In conclusion; if you're doing Notes and Domino development, buy this book! You won't regret it.

Great for both beginners and experts., June 12, 2003
This is an excellent book. I have been developing in Notes/Domino since R3, and still managed to find quite a bit of information in here that was new. Brian, Rocky, and Richard present their information in a clear and easy-to-understand conversational style. Instead of the "I am the master; bow down in my presence" feeling that comes across in other programming guides, reading this book is like having a conversation with a more experienced mentor / co-worker. I highly recommend this book to both novice and experienced developers.

There is only one book that you need ..., June 12, 2003
This book is not only the best book for Notes and Domino 6, including the IBM redbooks, but may be the best book every written for Notes/Domino technologies. The reason for that is it covers everythiing you need. Very comprehensive. The only downside is that its too heavy to ready in bed or carry with you on the train!

I bought this for myself and have bought copies for my team members. Get this now!
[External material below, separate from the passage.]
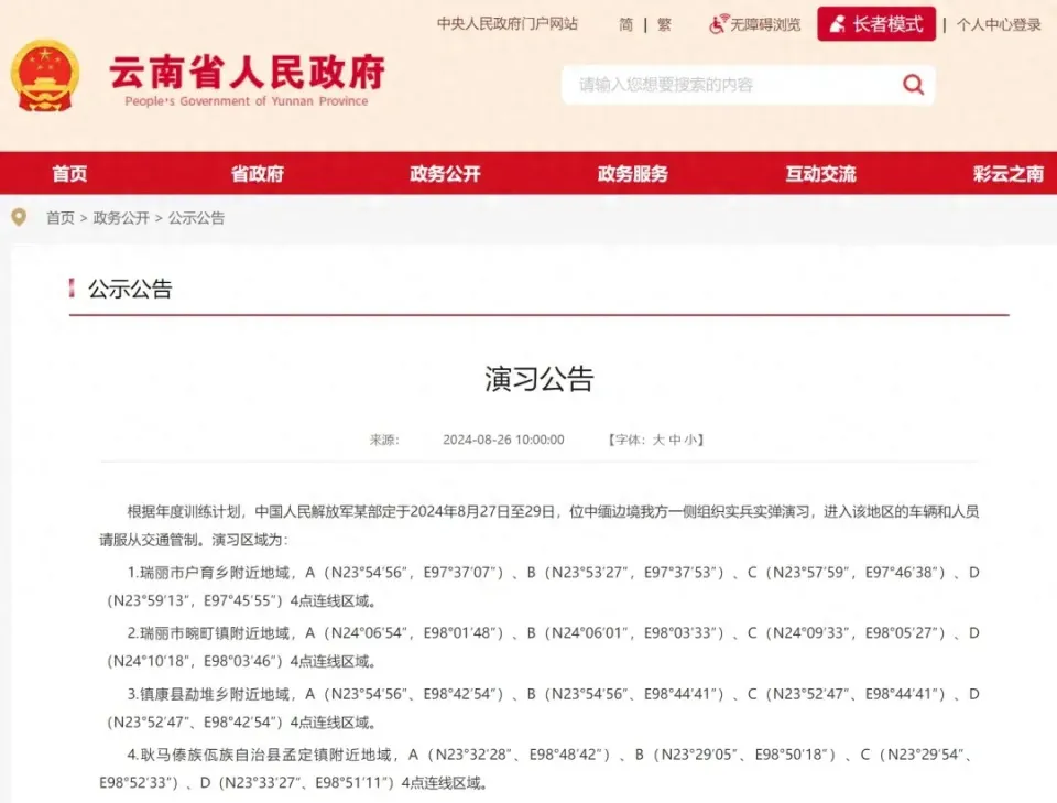6月25日,德昂民族解放軍向位於緬甸政府軍控制的瑙秋、膠脈等市發起攻擊,緬甸局勢又陷入動盪。在這種情況下,南部戰區組織陸、空軍部隊在8月28日至29日進行實兵實彈的演練。

Every application developer needs this book., July 15, 2003
This is the book I've been waiting for. It has a wealth of information organized in a way that meshes nicely with the Notes/Domino application development process. It more than paid for itself in the first day!

No reference guide but excellent, informative book, July 3, 2003
As stated in the beginning of the book, it's not a reference guide. It's intended to explain useful (new) features in Notes 6.
Also the downloadable example databases are helpful.
I recommend this book to all Domino Notes/Web developers.

Not for Beginners, August 12, 2004
As with any book, it's only useful if it has what you want. Like many of the Bible series, it is rated for "Beginning", but it is really for experienced techs to add Lotus Notes to their skill set. The book assumes that you are familiar with scripting languages. If you aren't, don't expect this book to help you much. There are no reference materials for any of the functions or commands, no syntax helps, and no tutorials for the programming at all. Yet most of the chapters rely on programming extensively.

Tips are useful and more than a text book, December 22, 2003
Many books assume the readers are students, but this book is taking a very practical approach. I particularly like the 'tips'.

Excellent definitive manual on ND6, June 7, 2003
This is a great book for any Notes aficionado to own. Rocky Oliver writes with authority and clarity. If you want to add value to your ND6 investment then this is the book to buy. There is also a section by Richard Schwartz that is worth reading.